Photomicrographs of mast-cell (MCs) degranulation/activation in pinna skin from sham (SH) and orchiectomized (Or) mice after challenge with L. mexicana, together with salivary gland lysates. Toluidine blue-stained sections from inoculated ears showed a differential MC degranulation pattern between the groups of SH and Or mice. Overall, Or mice showed intact dark purple MCs without apparent degranulation at 30 min. At 8, 24, and 48 h, increase in released granules was observed (see Or 8, 24, and 48 h). In contrast, in SH mice, evident MC degranulation/activation was found at 30 min with dermal scattered granules. Degranulation increased at SH 8, 24, and 48 h. Images are representative of three independent experiments with five replicates for each group. Mast cells were identified by cytoplasmic granules showing metachromatic properties (alkaline toluidine blue and red–violet stain of secretory granules) and expelled granules with pink stain.

Figure 4

Comparative immunohistochemical assessment of histamine, tryptase, and TNF-α release in pinna skin mast cells (MCs) from sham (SH) and orchiectomized (Or) BALB/c mice, at 30 min in response to the dermal inoculation of L. mexicana, combined with salivary gland lysate. The immunoreactivity of inflammatory factors in MCs was more intense in Or mice than in SH mice. However, a diffuse and intense interstitial mark was observed only in SH mice. Images representative of three independent experiments with five replicates for each group.

Figure 5

Comparative immunohistochemical assessment of histamine, tryptase, and TNF-α release in pinna skin mast cells (MCs) from sham (SH) and orchiectomized (Or) BALB/c mice, at 24 h in response to the injection of L. mexicana, combined with salivary gland lysate.
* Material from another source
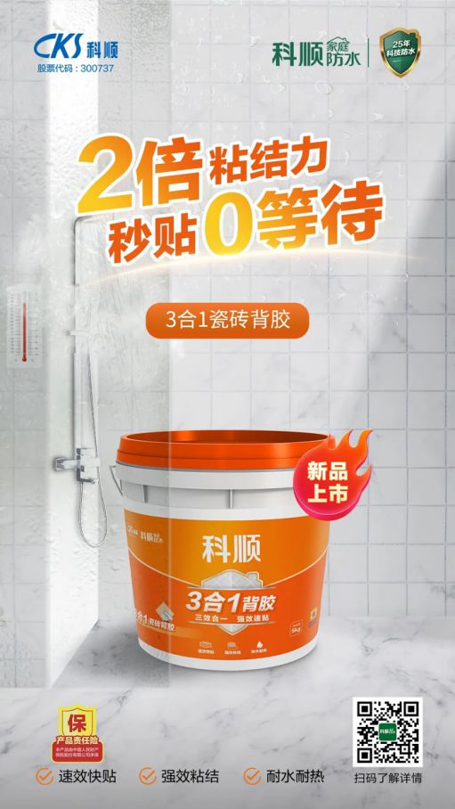 經拉拔測試數據顯示,科順3合1瓷磚背膠粘結強度可達到瓷磚膠行業C1標準要求2倍以上*,能有效提升瓷磚鋪貼系統的安全性。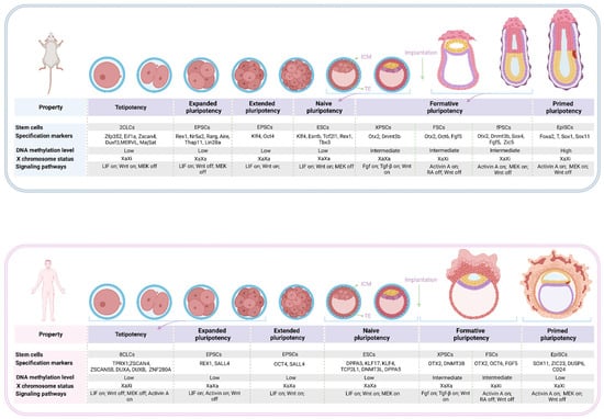 Second-class pluripotent stem cells derived from epiblasts show three states: naive, formative, and primed; although these cells are capable of differentiation into three germ layers, they exhibit many differences in cell morphology, signaling requirement, epigenetic modifications, metabolome, and transcription profiling [7,8].

Immunoreactivity of inflammatory factors in MCs was similar between Or and SH mice. However, diffuse and intense mark remained only in SH mice. Images representative of three independent experiments with five replicates for each group.

Figure 6

Comparative immunohistochemical assessment of release of histamine, tryptase, and TNF-α in pinna skin mast cells (MCs) from sham (SH) and orchiectomized (Or) BALB/c mice, at 72 h in response to the injection of L. mexicana combined with salivary gland lysate. Immunoreactivity of inflammatory factors in MCs from Or mice. Images representative of three independent experiments with five replicates for each group.

Figure 7

Comparative sizes of pinna skin ulcered nodules at 4 and 8 weeks (W) after L. mexicana promastigote infections, including counts of infected macrophages. Orchiectomized mice (Or) produced smaller lesions as compared to sham-operated (SH) mice. Lower numbers of infected macrophages were evidenced in Or mice (42.8 ± 0.2 and 21.6 ± 0.4/20 mm²) and smaller lesions (0.58 ± 0.084 mm and 0.62 ± 0.074 mm) after 4 or 8 weeks, respectively, as compared to SH mice (71.2 ± 0.3 and 79.8 ± 0.2/20 mm²) and (1 ± 0.1 mm and 1.1 ± 0.04 mm), at the same time points. Orchiectomized mice showed strict control of parasitic infection at 8 weeks. Images representative of three independent experiments with five replicates for each group. Significant differences (*) between SH mice and Or mice (p ≤ 0.03).